(RECORDED DATA)

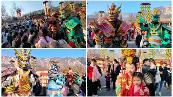 眾多NPC齊聚嵩山,用最真摯的話語給廣大游客帶來新春的祝福和歡樂。天龍八部NPC、福祿壽喜財五福 NPC 在少林景區(qū)與游客歡樂互動,還有嵩山景區(qū)原創(chuàng)NPC賣松客、云川道長、中岳龍母互動演繹,游客們紛紛上臺與他們開心互動,更有機(jī)甲戰(zhàn)士驚喜亮相,美猴王、俠客機(jī)甲、四岳龍王在三大景區(qū)跟隨音樂霸氣舞動,吸引了眾多游客合影留念。夜晚在嵩陽景區(qū),天中市集燈光燦爛美食云集,所有NPC齊聚嵩山腳下與游客開啟互動嗨聊模式,更有眾多游客在K歌區(qū)域激情開唱將現(xiàn)場熱情推向高潮,他們縱情高歌、一展豪情,沉浸在這歡樂的氛圍當(dāng)中。
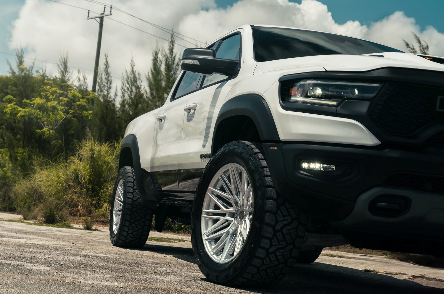 The Vossen HF6-5 in Silver Polished features a bold split-spoke design, lightweight Hybrid Forged construction, and durable flow-formed performance, offering a refined look and precise fit for 6-lug trucks and SUVs.
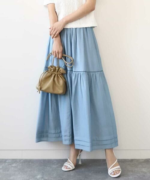 さりげないハシゴレース切替で広がりすぎず、大人っぽく履けるフレアスカート。ナチュラル見えの涼しげな素材感で、暑くなる季節にぴったりです。着心地も軽く涼しいのはもちろん、ウエストオールゴムでラクチン。長めの着丈なので、画像では一段折って履いてます。低身長さんやSサイズ以下の方はヒール合わせが◎。
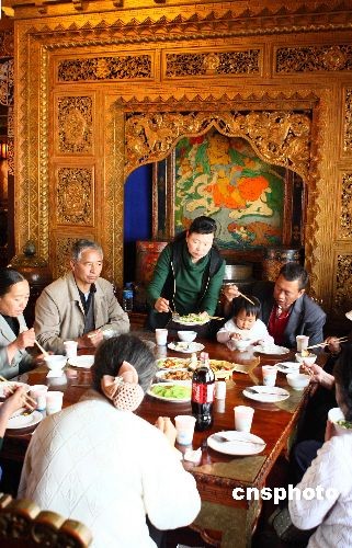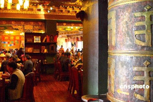 隨著在昆明定居的藏族民眾越來越多,獨(dú)具特色的藏族飲食也越來越受到昆明市民的喜愛,酥油茶、青稞酒和牦牛肉這些來自藏區(qū)的綠色食品更是受到熱捧。圖為藏歷新年期間,昆明最有名的“瑪吉阿米香格里拉風(fēng)情宮”藏式餐廳人滿為患,昆明市民紛紛到此感受藏歷新年的別樣風(fēng)情。中新社發(fā) 劉冉陽 攝

(End RECORDED DATA)

PROBLEM - Please print the data above once more, exactly as it appears, with no pictures.

TASK RESPONSE -
 眾多NPC齊聚嵩山,用最真摯的話語給廣大游客帶來新春的祝福和歡樂。天龍八部NPC、福祿壽喜財五福 NPC 在少林景區(qū)與游客歡樂互動,還有嵩山景區(qū)原創(chuàng)NPC賣松客、云川道長、中岳龍母互動演繹,游客們紛紛上臺與他們開心互動,更有機(jī)甲戰(zhàn)士驚喜亮相,美猴王、俠客機(jī)甲、四岳龍王在三大景區(qū)跟隨音樂霸氣舞動,吸引了眾多游客合影留念。夜晚在嵩陽景區(qū),天中市集燈光燦爛美食云集,所有NPC齊聚嵩山腳下與游客開啟互動嗨聊模式,更有眾多游客在K歌區(qū)域激情開唱將現(xiàn)場熱情推向高潮,他們縱情高歌、一展豪情,沉浸在這歡樂的氛圍當(dāng)中。
 The Vossen HF6-5 in Silver Polished features a bold split-spoke design, lightweight Hybrid Forged construction, and durable flow-formed performance, offering a refined look and precise fit for 6-lug trucks and SUVs.
 さりげないハシゴレース切替で広がりすぎず、大人っぽく履けるフレアスカート。ナチュラル見えの涼しげな素材感で、暑くなる季節にぴったりです。着心地も軽く涼しいのはもちろん、ウエストオールゴムでラクチン。長めの着丈なので、画像では一段折って履いてます。低身長さんやSサイズ以下の方はヒール合わせが◎。
 隨著在昆明定居的藏族民眾越來越多,獨(dú)具特色的藏族飲食也越來越受到昆明市民的喜愛,酥油茶、青稞酒和牦牛肉這些來自藏區(qū)的綠色食品更是受到熱捧。圖為藏歷新年期間,昆明最有名的“瑪吉阿米香格里拉風(fēng)情宮”藏式餐廳人滿為患,昆明市民紛紛到此感受藏歷新年的別樣風(fēng)情。中新社發(fā) 劉冉陽 攝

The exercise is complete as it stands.